Unavoidable copyright issues

  The copyright issues involved in AI cover mainly include: Does AI cover infringe the singer’s voice copyright? Does the AI ​​cover infringe the music copyright of other singers? Does the song covered by AI have its own copyright?
  There are still no clear legal provisions and judicial precedents on these issues in our country, and there are many controversies and difficulties.
  Abroad, there have been cases of AI “invading” the music industry. For example, a TikTok user used AI Rihanna to cover Beyoncé’s hit single “Cuff It”, which attracted the attention of Universal Music, the copyright owner of the song, and triggered an infringement lawsuit; American rock band Nirvana sued the song “Drowned in the The production team of “Sun” claimed that the team used AI technology to imitate their style; American rapper Jay-Z sued the website VocalSynthesis, claiming that the website used his voice to read “Hamlet” and other literary works, infringing his voice copyright and Portrait Rights.
  With the large model as a bridge, non-programmers can create exclusive AI tools, which is undoubtedly an important step towards general artificial intelligence. However, when the application threshold of AI in music, painting and other fields is gradually lowered, corresponding copyright issues are bound to come one after another.

  Interestingly, the developer of the so-vits-svc model has deleted the library from the source code hosting service platform Github, and said that the main reason for deleting the library is that the project has stopped maintenance and updates, and declared the project’s disclaimer clause, emphasizing that the project It is an open source, offline project. All members and contributors do not have any control over the project, nor do they know the purpose and method of users using the project. Therefore, all members and contributors of the project based on the AI ​​model trained by the project and the synthesized audio irrelevant.

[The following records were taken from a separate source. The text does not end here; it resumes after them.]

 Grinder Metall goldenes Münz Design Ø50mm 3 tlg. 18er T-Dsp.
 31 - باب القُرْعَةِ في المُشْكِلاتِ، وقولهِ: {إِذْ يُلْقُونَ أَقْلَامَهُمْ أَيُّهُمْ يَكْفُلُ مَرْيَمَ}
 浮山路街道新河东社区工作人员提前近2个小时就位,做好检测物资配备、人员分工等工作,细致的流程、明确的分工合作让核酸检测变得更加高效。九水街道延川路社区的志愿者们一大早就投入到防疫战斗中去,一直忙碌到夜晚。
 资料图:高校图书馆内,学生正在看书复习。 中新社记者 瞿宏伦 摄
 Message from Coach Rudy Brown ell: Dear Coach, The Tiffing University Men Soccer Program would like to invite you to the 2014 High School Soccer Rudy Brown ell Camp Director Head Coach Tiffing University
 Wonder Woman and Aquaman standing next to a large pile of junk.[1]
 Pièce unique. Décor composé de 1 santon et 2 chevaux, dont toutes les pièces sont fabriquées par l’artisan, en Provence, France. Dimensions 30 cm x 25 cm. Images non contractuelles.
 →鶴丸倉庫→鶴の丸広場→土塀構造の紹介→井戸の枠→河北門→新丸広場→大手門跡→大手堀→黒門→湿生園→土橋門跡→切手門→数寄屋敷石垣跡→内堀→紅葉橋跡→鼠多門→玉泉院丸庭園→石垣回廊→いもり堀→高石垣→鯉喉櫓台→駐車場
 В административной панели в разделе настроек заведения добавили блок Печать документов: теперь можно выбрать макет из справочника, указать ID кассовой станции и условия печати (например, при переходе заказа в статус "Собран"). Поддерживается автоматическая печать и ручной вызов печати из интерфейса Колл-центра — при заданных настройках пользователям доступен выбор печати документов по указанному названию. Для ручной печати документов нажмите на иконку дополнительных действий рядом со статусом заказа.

  On May 9, Douyin also released a platform specification and industry initiative on artificial intelligence-generated content. It is mentioned that when creators, anchors, users, merchants, advertisers and other platform ecological participants apply generative artificial intelligence technology to Douyin, publishers should clearly mark the content generated by artificial intelligence to help other users distinguish between virtual and reality , especially in confusing scenarios; publishers are responsible for the corresponding consequences of artificial intelligence-generated content, no matter how the content is generated; avatars need to register on the platform, and avatar technology users need real-name authentication; use of generative artificial intelligence is prohibited. Create and publish infringing content with intelligent technology, including but not limited to portrait rights, intellectual property rights, etc. Once found, the platform will strictly punish.
  The sound produced by AI technology may make you feel novel, but it may also confuse you. When listening to such songs, it is best not to forget the real singer, real song, and real music.